◆ **Work instruction**: Without any images, output the records below verbatim.

◆ **Data for review**:

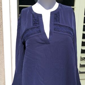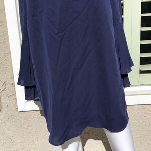 Turn on the charm in this easy-to-wear shift styled with tiered, pleated cuffs and a high/low shirttail hem. NEW WITH TAGS
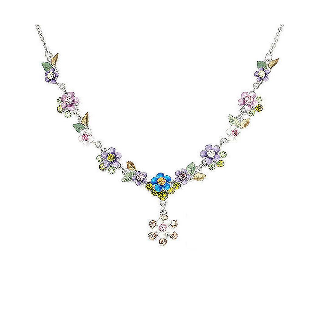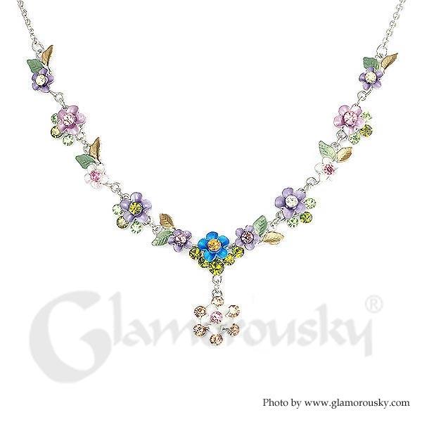 Colorful Flower Necklace with Multi-color Austrian Element Crystals
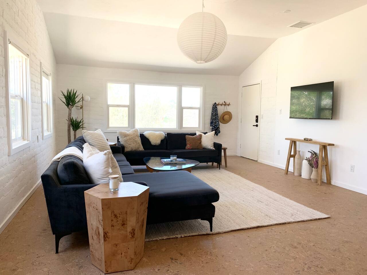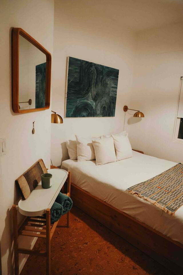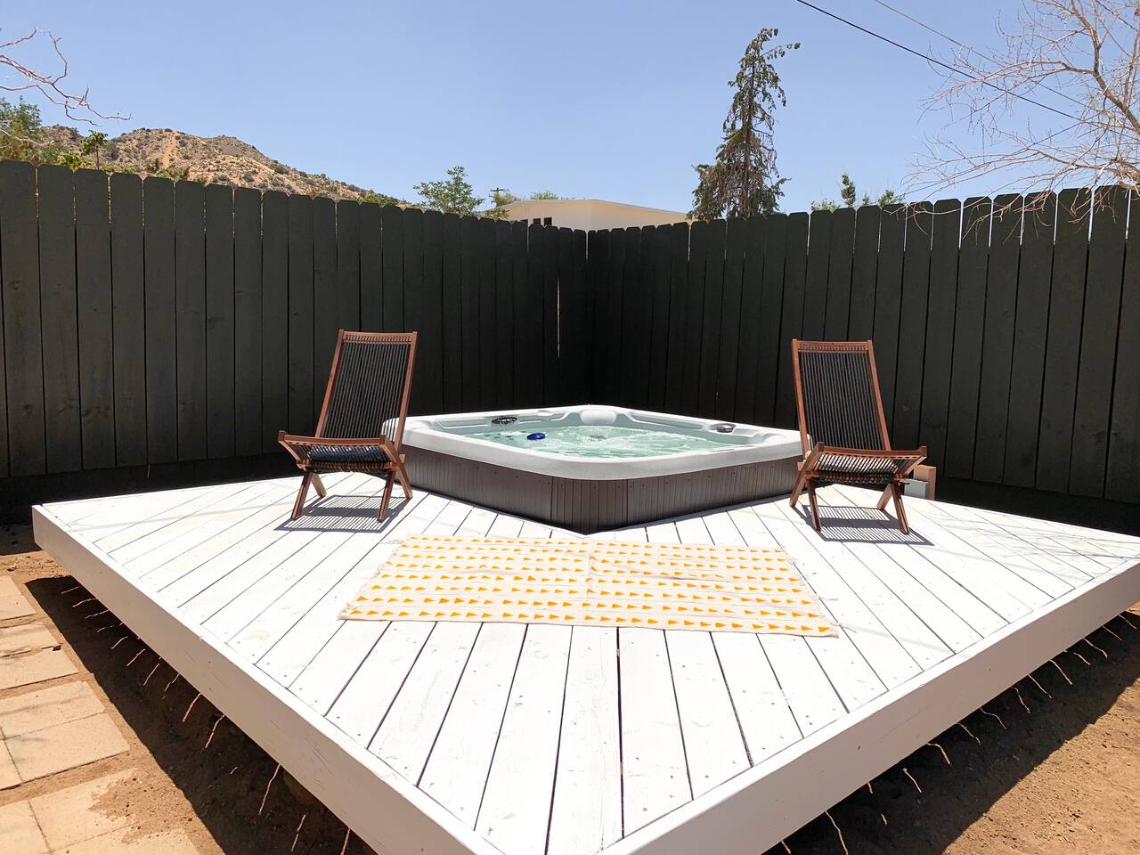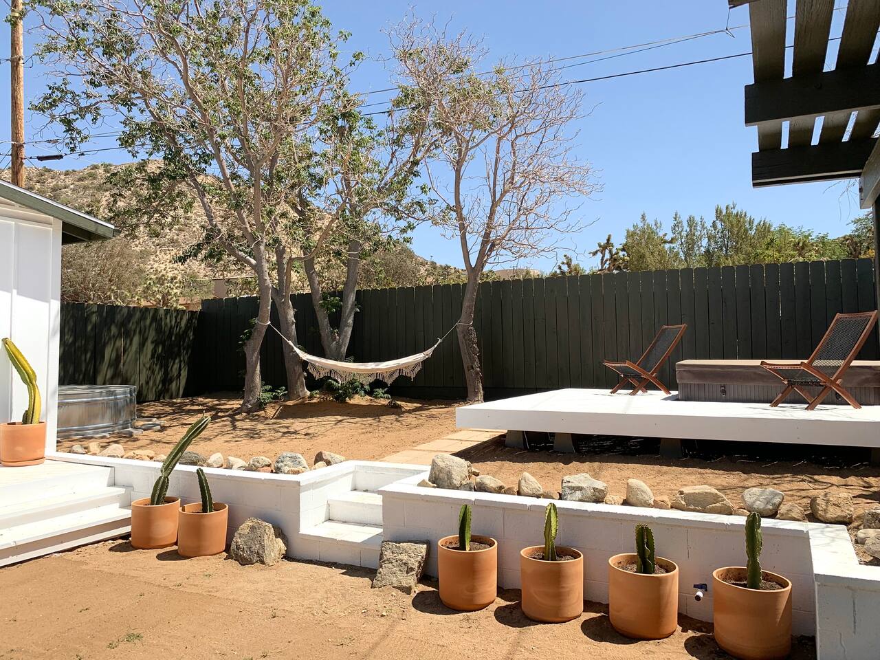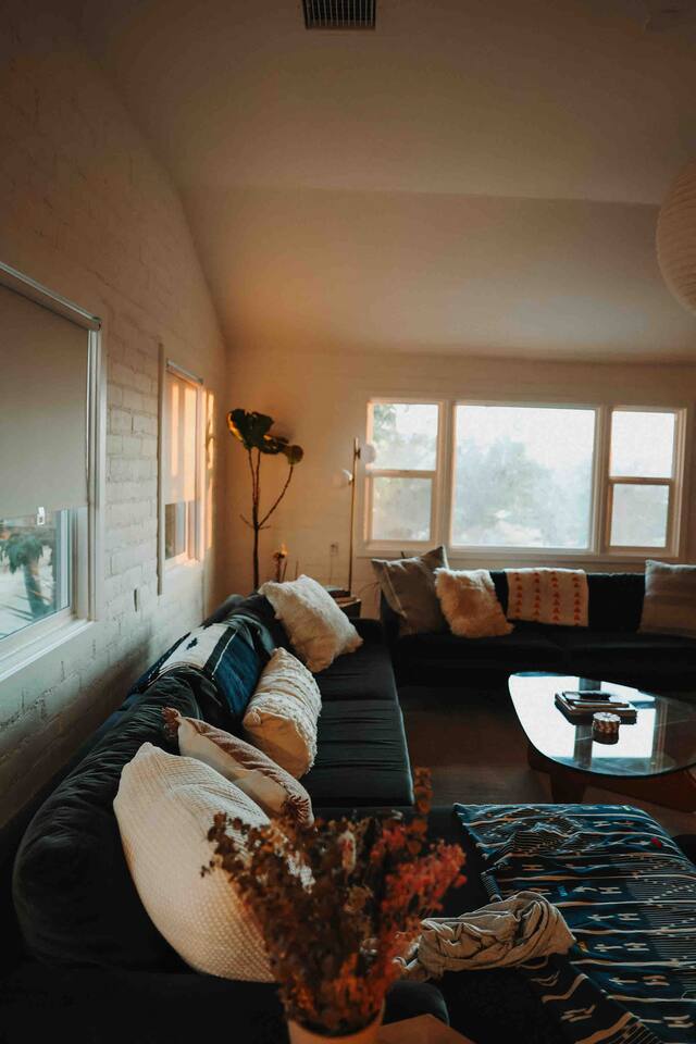 Welcome to Casa Santé! Our two-bedroom home is built for hosting, comfort, relaxation, romantic get away’s and good times with friends & family. Designed with two new bedrooms both featuring Purple memory foam queen mattresses, closets, and space to get ready. An epic front yard fire pit to capture sunsets and enjoy a beverage after a day of local hiking and site seeing. Our backyard is fully fenced and secluded so you can enjoy the jacuzzi and dip pool. Bring a floaty! For our younger guests, we have a pack & play and high chair in the closet. For our earth friendly friends we have a Level 2 EV charger. Our bathroom has a large counter top and a beautiful rain shower head with an optional handheld shower head. Just outside, there's an area with a full-length mirror and plenty of natural light. We provide shampoo, conditioner, hand soap, fresh towels, and toilet paper. The kitchen is fully stocked with everything you need, including local coffee beans and a gorgeous Café stove. There's plenty of room to host and entertain, with a kitchen nook and bar seating. The living room has a couch that seats six and a record player with records, board games, tarot cards, and fun quote games. You can also stream your favorite shows on the 55" flat-screen TV with Roku. Outside, you can take in the stunning valley views from the fire pit in the front yard or lounge in the fully enclosed backyard with outdoor furniture, BBQ grill, and an 8-person vintage camping picnic table. You can also relax in the spa that seats 6 or cool off in the dip pool. The deck is perfect for soaking up the sun and taking in the desert scenery or catch nap in the hammock under the trees. Casa Santé is an ideal space for families, couples, and anyone looking for a memorable or romantic desert getaway. We're committed to ensuring your privacy and providing a space where you can make lasting memories. Thank you for considering our home for your stay.
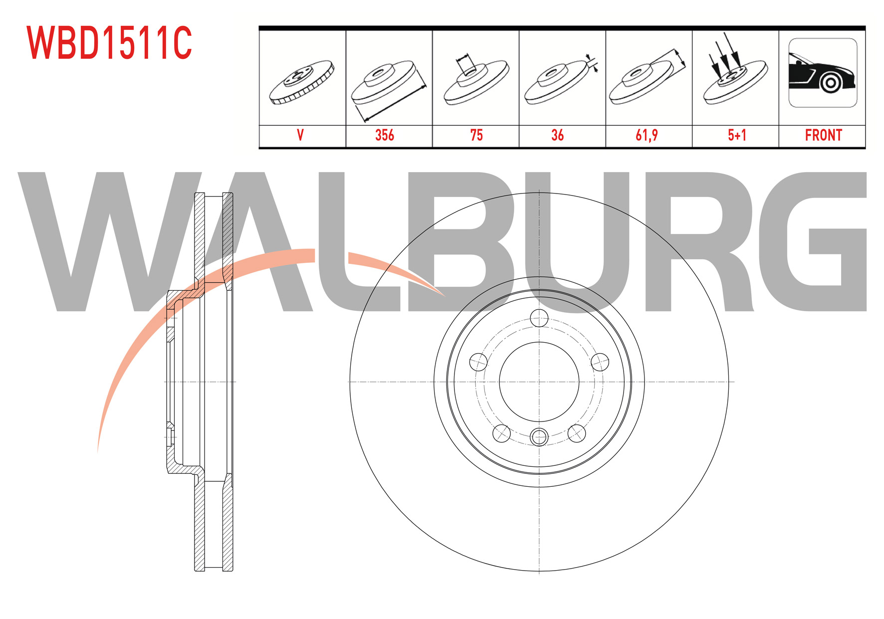 WALBURG WBD1511C | Fren Diski Ön Havalı Kaplamalı BMW X5 (E53) 4.4İ 5 Bjn 356X36x75x61,9 2000-2007 | 2 Adet
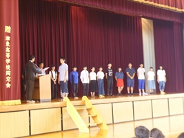 終業式に先立って、先週行われたクラスマッチの表彰式を行いました。梅雨の最中でしたが、3日間とも屋外競技を中止することなく、実施できました。結果は3位が3−7、2位が1−2、1位が3−2でした。お疲れ様でした。
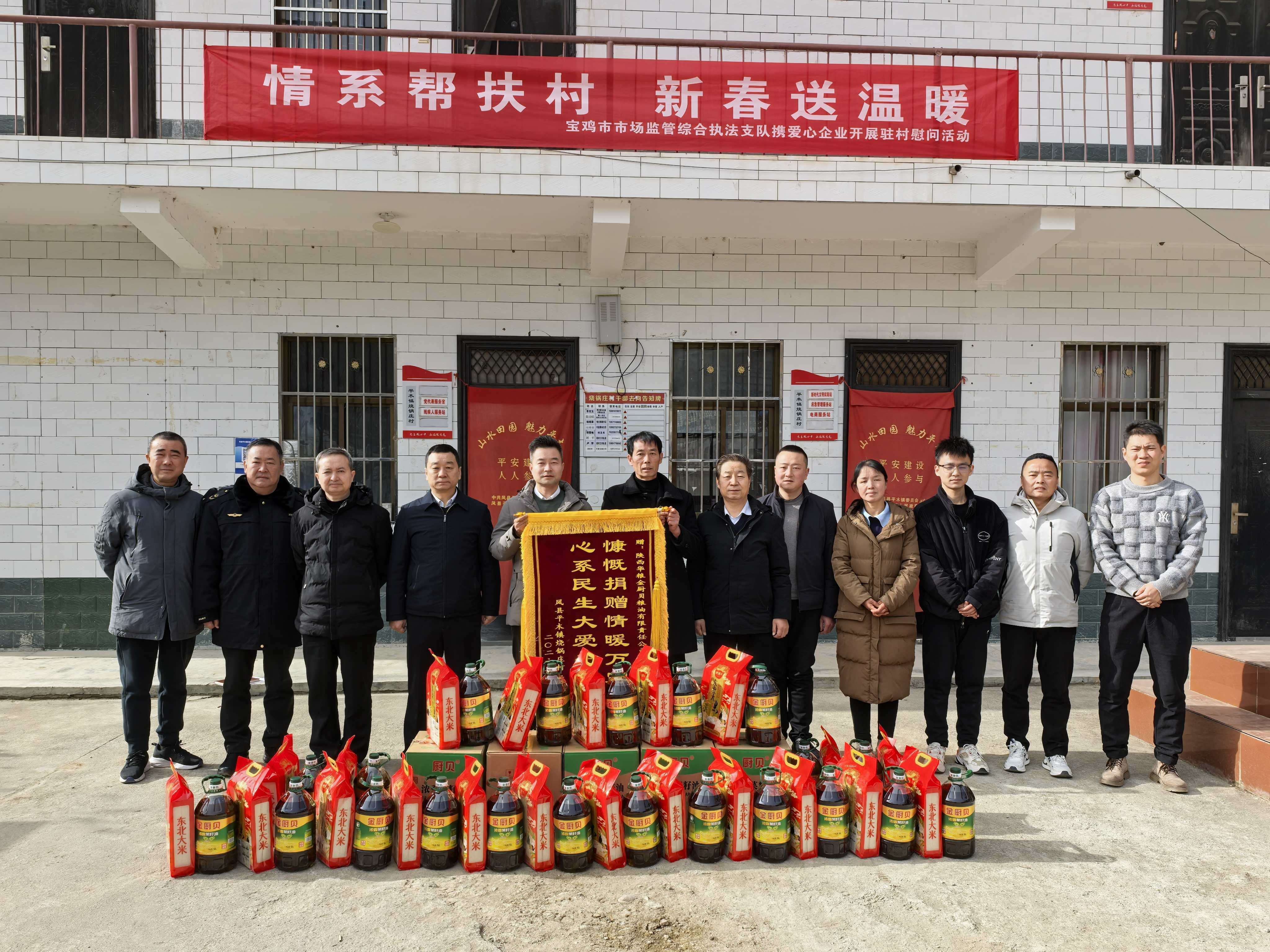 近日,宝鸡市市场监管综合执法支队联合爱心企业,前往帮扶村凤县平木镇烧锅庄村开展新春帮扶慰问活动,以实际行动传递组织温暖,夯实帮扶责任,助力乡村振兴。
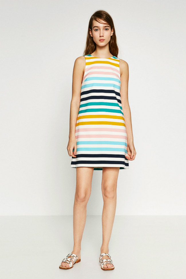 El print de rayas es uno de los estampados, junto con el tropical print, que más está arrasando esta temporada primavera verano 2016. Con colores vivos y llamativos como el de este vestido en el que el rosa, el azul y el amarillo se alían con el blanco para crear este precioso y original diseño a rayas en un vestido recto súper chic con el que podrás dar paseos infinitos veraniegos con muchísimo estilo.
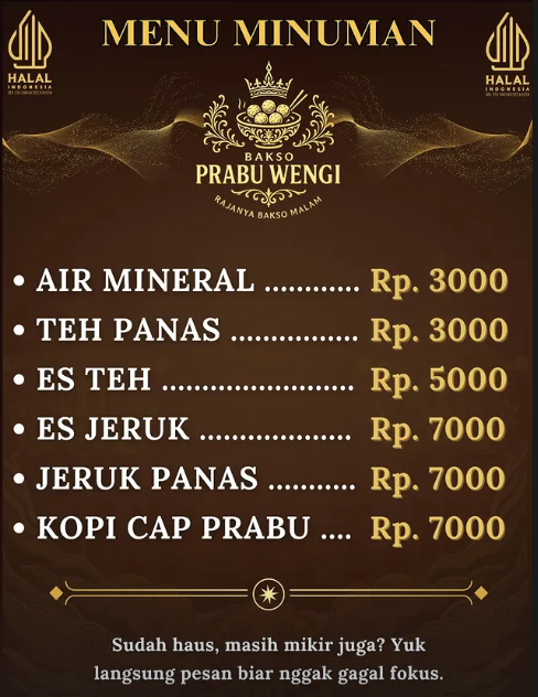 Bakso Prabu Wengi menyajikan bakso dengan resep rahasia yang telah teruji. Dijuluki "Rajanya Bakso Malam", bakso ini menjadi pilihan tepat untuk mengisi perut setelah berkeliling museum.

◆ **Exercise answer**:
 Turn on the charm in this easy-to-wear shift styled with tiered, pleated cuffs and a high/low shirttail hem. NEW WITH TAGS
 Colorful Flower Necklace with Multi-color Austrian Element Crystals
 Welcome to Casa Santé! Our two-bedroom home is built for hosting, comfort, relaxation, romantic get away’s and good times with friends & family. Designed with two new bedrooms both featuring Purple memory foam queen mattresses, closets, and space to get ready. An epic front yard fire pit to capture sunsets and enjoy a beverage after a day of local hiking and site seeing. Our backyard is fully fenced and secluded so you can enjoy the jacuzzi and dip pool. Bring a floaty! For our younger guests, we have a pack & play and high chair in the closet. For our earth friendly friends we have a Level 2 EV charger. Our bathroom has a large counter top and a beautiful rain shower head with an optional handheld shower head. Just outside, there's an area with a full-length mirror and plenty of natural light. We provide shampoo, conditioner, hand soap, fresh towels, and toilet paper. The kitchen is fully stocked with everything you need, including local coffee beans and a gorgeous Café stove. There's plenty of room to host and entertain, with a kitchen nook and bar seating. The living room has a couch that seats six and a record player with records, board games, tarot cards, and fun quote games. You can also stream your favorite shows on the 55" flat-screen TV with Roku. Outside, you can take in the stunning valley views from the fire pit in the front yard or lounge in the fully enclosed backyard with outdoor furniture, BBQ grill, and an 8-person vintage camping picnic table. You can also relax in the spa that seats 6 or cool off in the dip pool. The deck is perfect for soaking up the sun and taking in the desert scenery or catch nap in the hammock under the trees. Casa Santé is an ideal space for families, couples, and anyone looking for a memorable or romantic desert getaway. We're committed to ensuring your privacy and providing a space where you can make lasting memories. Thank you for considering our home for your stay.
 WALBURG WBD1511C | Fren Diski Ön Havalı Kaplamalı BMW X5 (E53) 4.4İ 5 Bjn 356X36x75x61,9 2000-2007 | 2 Adet
 終業式に先立って、先週行われたクラスマッチの表彰式を行いました。梅雨の最中でしたが、3日間とも屋外競技を中止することなく、実施できました。結果は3位が3−7、2位が1−2、1位が3−2でした。お疲れ様でした。
 近日,宝鸡市市场监管综合执法支队联合爱心企业,前往帮扶村凤县平木镇烧锅庄村开展新春帮扶慰问活动,以实际行动传递组织温暖,夯实帮扶责任,助力乡村振兴。
 El print de rayas es uno de los estampados, junto con el tropical print, que más está arrasando esta temporada primavera verano 2016. Con colores vivos y llamativos como el de este vestido en el que el rosa, el azul y el amarillo se alían con el blanco para crear este precioso y original diseño a rayas en un vestido recto súper chic con el que podrás dar paseos infinitos veraniegos con muchísimo estilo.
 Bakso Prabu Wengi menyajikan bakso dengan resep rahasia yang telah teruji. Dijuluki "Rajanya Bakso Malam", bakso ini menjadi pilihan tepat untuk mengisi perut setelah berkeliling museum.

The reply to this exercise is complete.